EXERCISE: Without any pictures, print the lines below from the one that has "Interesują Cię skuteczne, przystępne" through the one that has "Curator: George Bellows’", exactly and nothing else.

--- DATA FOR THIS TASK Enclosed Below ---

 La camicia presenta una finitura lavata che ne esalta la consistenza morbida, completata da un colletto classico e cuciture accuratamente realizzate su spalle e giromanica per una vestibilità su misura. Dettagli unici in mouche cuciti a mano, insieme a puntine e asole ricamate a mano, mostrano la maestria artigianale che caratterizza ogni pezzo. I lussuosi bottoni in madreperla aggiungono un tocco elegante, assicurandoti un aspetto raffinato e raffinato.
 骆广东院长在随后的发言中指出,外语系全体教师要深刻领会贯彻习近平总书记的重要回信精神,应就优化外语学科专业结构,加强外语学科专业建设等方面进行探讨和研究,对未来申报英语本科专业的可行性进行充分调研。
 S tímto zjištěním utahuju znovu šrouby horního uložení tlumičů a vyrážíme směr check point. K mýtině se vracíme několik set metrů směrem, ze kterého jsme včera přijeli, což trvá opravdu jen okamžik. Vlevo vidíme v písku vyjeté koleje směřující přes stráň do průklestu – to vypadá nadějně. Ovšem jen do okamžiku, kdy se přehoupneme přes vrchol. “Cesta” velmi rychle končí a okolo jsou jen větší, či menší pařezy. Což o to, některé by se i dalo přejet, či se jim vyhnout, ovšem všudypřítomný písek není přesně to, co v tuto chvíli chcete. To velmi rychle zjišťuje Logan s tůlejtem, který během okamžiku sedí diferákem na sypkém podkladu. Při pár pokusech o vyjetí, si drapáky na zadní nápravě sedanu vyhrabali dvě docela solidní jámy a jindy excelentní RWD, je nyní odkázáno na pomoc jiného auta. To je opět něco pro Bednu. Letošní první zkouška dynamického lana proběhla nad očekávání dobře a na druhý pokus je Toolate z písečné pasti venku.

--- End of Enclosed DATA FOR THIS TASK ---
--- DATA FOR THIS TASK Enclosed Below ---

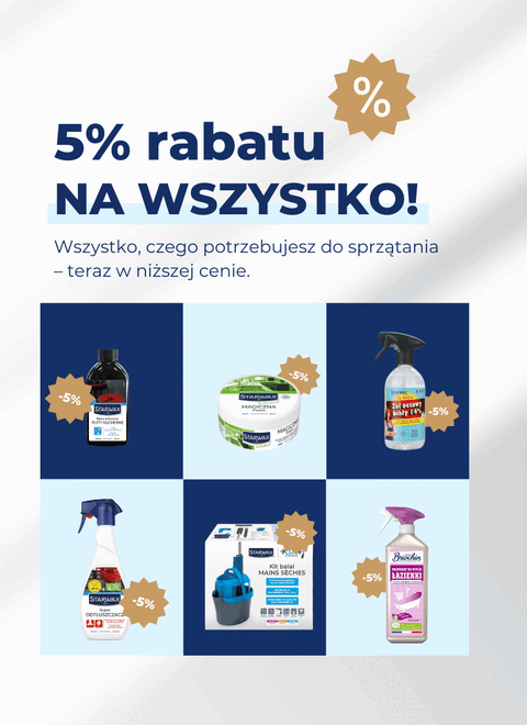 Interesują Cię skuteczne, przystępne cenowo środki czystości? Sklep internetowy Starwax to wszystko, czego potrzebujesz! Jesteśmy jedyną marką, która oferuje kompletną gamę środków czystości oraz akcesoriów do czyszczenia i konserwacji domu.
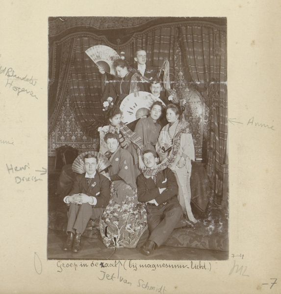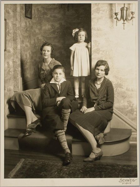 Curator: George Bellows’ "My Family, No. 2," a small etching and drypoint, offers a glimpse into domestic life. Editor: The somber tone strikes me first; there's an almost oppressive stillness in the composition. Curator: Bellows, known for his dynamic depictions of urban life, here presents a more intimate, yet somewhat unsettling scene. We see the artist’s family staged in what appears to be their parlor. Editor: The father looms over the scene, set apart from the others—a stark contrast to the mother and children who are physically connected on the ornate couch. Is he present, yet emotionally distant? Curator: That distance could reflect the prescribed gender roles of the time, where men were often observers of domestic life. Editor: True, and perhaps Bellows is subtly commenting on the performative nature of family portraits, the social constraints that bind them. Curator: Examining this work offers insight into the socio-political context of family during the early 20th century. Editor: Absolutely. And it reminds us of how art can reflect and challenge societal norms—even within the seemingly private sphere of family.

--- End of Enclosed DATA FOR THIS TASK ---

EXERCISE RESPONSE:
 Interesują Cię skuteczne, przystępne cenowo środki czystości? Sklep internetowy Starwax to wszystko, czego potrzebujesz! Jesteśmy jedyną marką, która oferuje kompletną gamę środków czystości oraz akcesoriów do czyszczenia i konserwacji domu.
 Curator: George Bellows’ "My Family, No. 2," a small etching and drypoint, offers a glimpse into domestic life. Editor: The somber tone strikes me first; there's an almost oppressive stillness in the composition. Curator: Bellows, known for his dynamic depictions of urban life, here presents a more intimate, yet somewhat unsettling scene. We see the artist’s family staged in what appears to be their parlor. Editor: The father looms over the scene, set apart from the others—a stark contrast to the mother and children who are physically connected on the ornate couch. Is he present, yet emotionally distant? Curator: That distance could reflect the prescribed gender roles of the time, where men were often observers of domestic life. Editor: True, and perhaps Bellows is subtly commenting on the performative nature of family portraits, the social constraints that bind them. Curator: Examining this work offers insight into the socio-political context of family during the early 20th century. Editor: Absolutely. And it reminds us of how art can reflect and challenge societal norms—even within the seemingly private sphere of family.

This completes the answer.